Aspects of data portability also deserve consideration when selecting tools. A manufacturer of pumps and compressors ensures that data can be exported at any time. This precaution protects against dependencies on individual vendors. Should a change become necessary, information can be migrated without issues. Such exit strategies are, of course, part of a professional evaluation.

My KIROI Analysis

The systematic evaluation of digital tools is no longer an optional luxury. It represents a business necessity. Leaders who invest time and resources in effective AI tool testing avoid costly wrong decisions. The examples from various areas of mechanical engineering show recurring patterns. Technical compatibility, user acceptance, and strategic fit form the three pillars of successful tool selection.

Particularly noteworthy is the importance of interdisciplinary evaluation. Purely technical assessments fall short. The involvement of end-users increases acceptance and identifies practical problems early on. Pilot phases with clear success criteria provide objective decision-making bases. They significantly reduce the risk of misjudgements.

Transruption coaching supports companies with this complex task. The guidance includes the development of individual evaluation frameworks and the moderation of selection processes. External perspectives help to identify blind spots and avoid premature decisions. This support proves particularly valuable in transformation projects. The combination of methodological approaches and industry-specific knowledge creates added value for everyone involved.

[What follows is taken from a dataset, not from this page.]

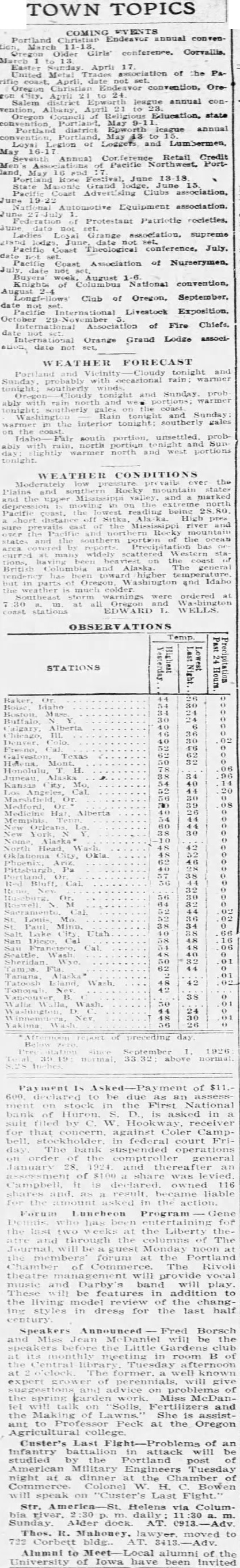 TOWN TOPICS COMING Older Girls' 17. of the PaOreleague annual Oregon state annual Retail Credit PortCoast Advertising Clubs association, Automotive Protestant supreme Theological conference, Coast Association of Nurserymen, National convention, Club of International Livestock Association of Fire Chiefs. Orange Grand Lodge associ- WEATHER FORECAST tonight occasional prob warmer tonight interior southerly gales south north north west portions tonight. WEATHER DITIONS the Rocky reading being Mississippi portion the states the and toward higher ashington Idaho colder ordered stations EDWARD OBSERVATIONS to due the National bank of Huron is asked in receiver for that against Coler Campin federal court Frisuspended order the comptroller general January an of Campbell, declared. owned 116 shares became liable the Forum Luncheon Program Gene has for the last the Liberty theand through the columns of The Journal be guest Monday noon at members forum Portland of Commerce. The Rivoli theatre vocal music Darby's band play These be features in addition to the living review of the changing styles in dress for the last half century Speakers Announced Fred Borsch Jean Daniel be the the Gardens club at its in room of the at former. known expert of perennials, will give and advice on problems of the spring garden work. Miss McDanthe Making of assistPeck at the Oregon Agricultural Custer's Last of an Infantry battalion will be studied by the Portland post American Military Engineers Tuesday night at dinner at the Chamber of Colonel H. speak on "Custer's Last Fight. Str. Helens via Columbia Thos. R. Mahoney. moved to 722 Corbett Alumni to alumni of the University Iowa have Invited STATIONS Alberta Lake preceding 1926 normal

Leaders should view tool selection as a strategic process. Hasty decisions made under pressure rarely lead to optimal outcomes. Investments in careful evaluation pay off through smooth implementation and long-term use. Digital transformation succeeds where technology and people work together harmoniously.

Further links from the text above:

[1] Bitkom Guide to Digital Transformation

[2] VDMA Mechanical Engineering News

[3] Fraunhofer Research Area Production

For more information and if you have any questions, please contact Contact us or read more blog posts on the topic Artificial intelligence here.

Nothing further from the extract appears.